To Photograph, or Not to Photograph

The subject of public photography is something that I have thought about for many years. Ever since I was little, I’ve understood the public need to know everything possible about celebrities: what they’re doing, where they’re going, and what their latest style is. To get this information however, there is often an invasion of privacy that celebrities, which is not something that I agree with. Despite my ethical standing that celebrities shouldn’t have their privacy invaded for media usage, I have been known to snap the occasional sneaky picture of someone in passing for the group chat.

In Australia, there are “no publicity or personality rights in Australia, and there is no right to privacy that protects a person’s image” (Arts Law Centre of Australia n.d.). This means that street photography is not against the law, however it can be ethically questionable.

This idea is corroborated by Colberg (2013), whose philosophy on street photography is that “it would be impractical to ask every person in the frame whether they’re OK with a picture. That said, if someone clearly does not want to be photographed or if they are for their photo to be deleted after the fact, then I do think those wishes have to be respected.”

In an attempt at street photography, I did take a photo of the people sat around me on the train this week to send to my friend on Facebook Messenger to show where I was. However, because I didn’t ask any of them for permission to post it on my blog, I will instead describe the picture because I feel as though I have intruded on their lives.

There are 4 people visible in the photo, 3 women and 1 man, all of whom are using a mobile phone. None of them knew each other as they all arrived at different times, and so 3 of them have headphones in despite being sat next to each other. These people would appear to be listening to music, while the lady without headphones looks to be playing a game, typing a message, or reading a book.

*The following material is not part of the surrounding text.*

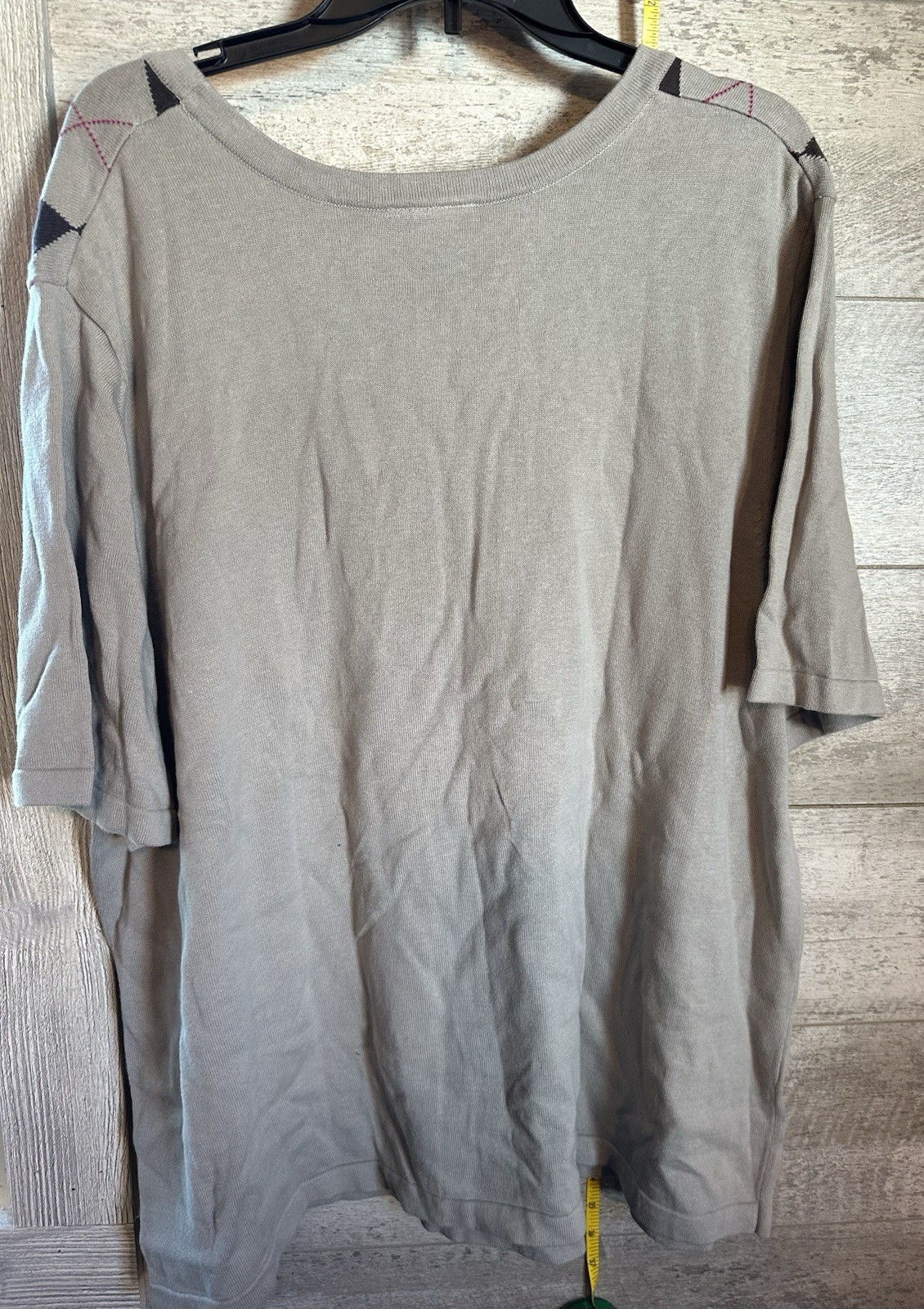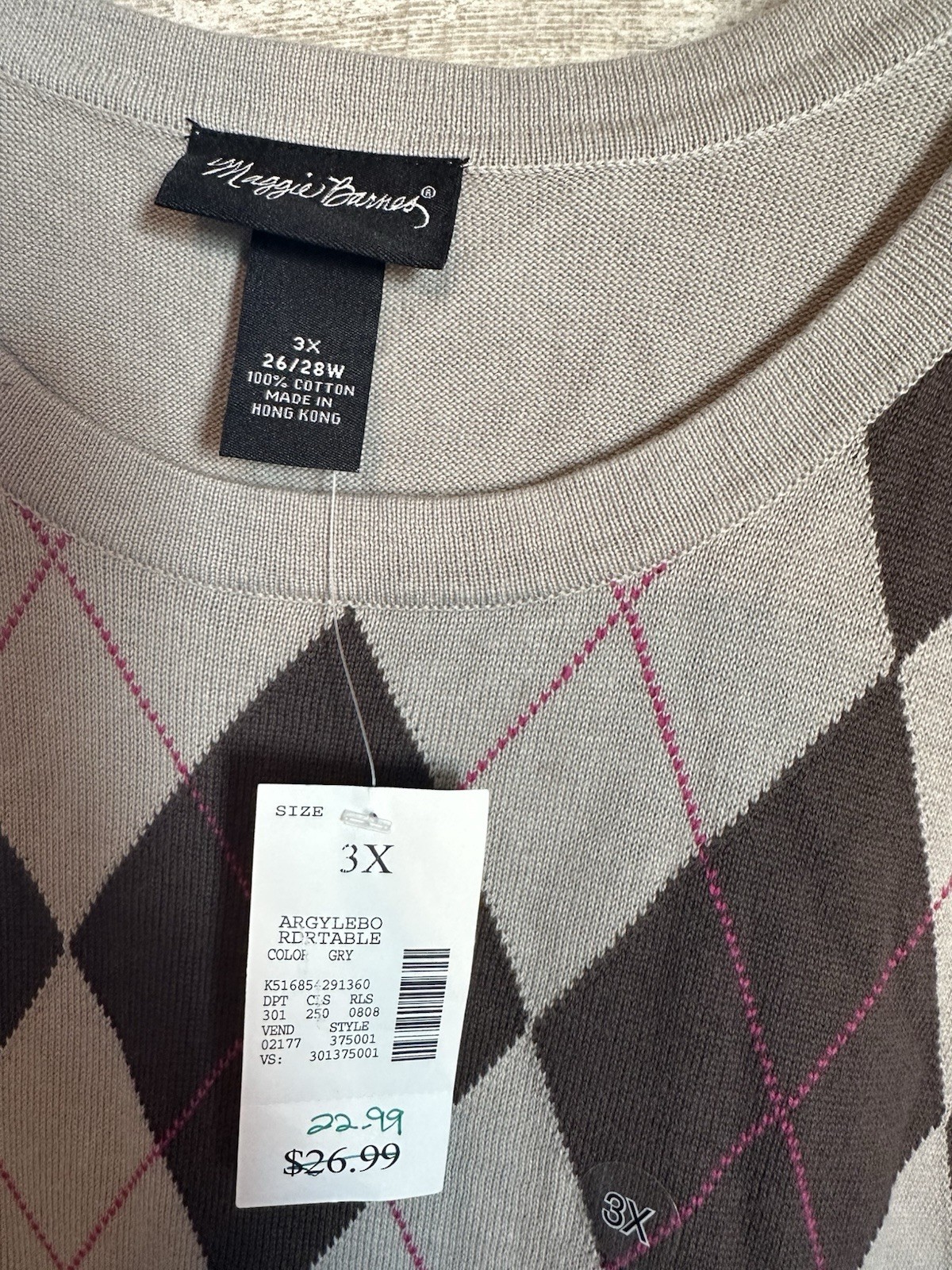 The Maggie Barnes Catherines Women's Size 3X Short Sleeve Sweater is a stylish and comfortable pullover made from 100% cotton in a versatile gray color. Made in Hong Kong. Perfect for casual occasions in the winter, fall, or spring, this sweater is easy to care for with its machine washable knit fabric. The brand Catherines offers quality and style for plus size women looking for a cozy yet fashionable addition to their wardrobe.

The way I took the photo shows that I was trying to take a picture without anyone knowing what I was doing, as I tried to cover my actions to avoid people approaching me or noticing that I was taking a picture. The people in the picture probably would not appreciate their picture being taken without their consent, or shared with my friend, but I don’t believe this action is likely to cause any harm to those involved. Neither myself or my friend would have any reason to share this picture with anyone else, and as I have not posted it here I don’t think that it will be seen by other people. Therefore, ethically, I believe sharing this description will not cause any harm.

Had I asked for permission to use this photograph, I would’ve taken the picture first and then approached each person to explain what I had done and why. If there had been any objections I would’ve asked if I could blur their face out or deleted the photo and hoped for another opportunity.

In regard to public spaces ethnography, I think that I would’ve made a better contribution if I had asked for permission to post the photo. The photo is a prime example of private media usage in a public space, but my ethical considerations meant that I couldn’t contribute properly.

Public space ethnography can be useful for those outside the media industry, as it can be used as a way of designing public spaces for better use. Johnston (2013) notes, “understanding the ways in which we interact with space, or how the process of production space affects design and therefore the use of it, can allow for a better process as well as product for future development” (p.3). If we were to take this idea on board, we could create public spaces that were private media friendly and that could encourage people to interact with the space more frequently.

 


References

Arts Law Centre of Australia n.d., Street photographer’s rights, Arts Law Centre of Australia, accessed 2 September 2017, <https://www.artslaw.com.au/info-sheets/info-sheet/street-photographers-rights/#headingh218&gt;.

Colberg, J. 2013, The ethics of street photography, Conscientious Extended, weblog post, April 3, accessed 2 September 2017, <http://jmcolberg.com/weblog/extended/archives/the_ethics_of_street_photography/&gt;.

Johnston, K. L. 2013, ‘Public space and urban life: a spatial ethnography of a Portland plaza’, Masters thesis, Urban Studies, Portland State University.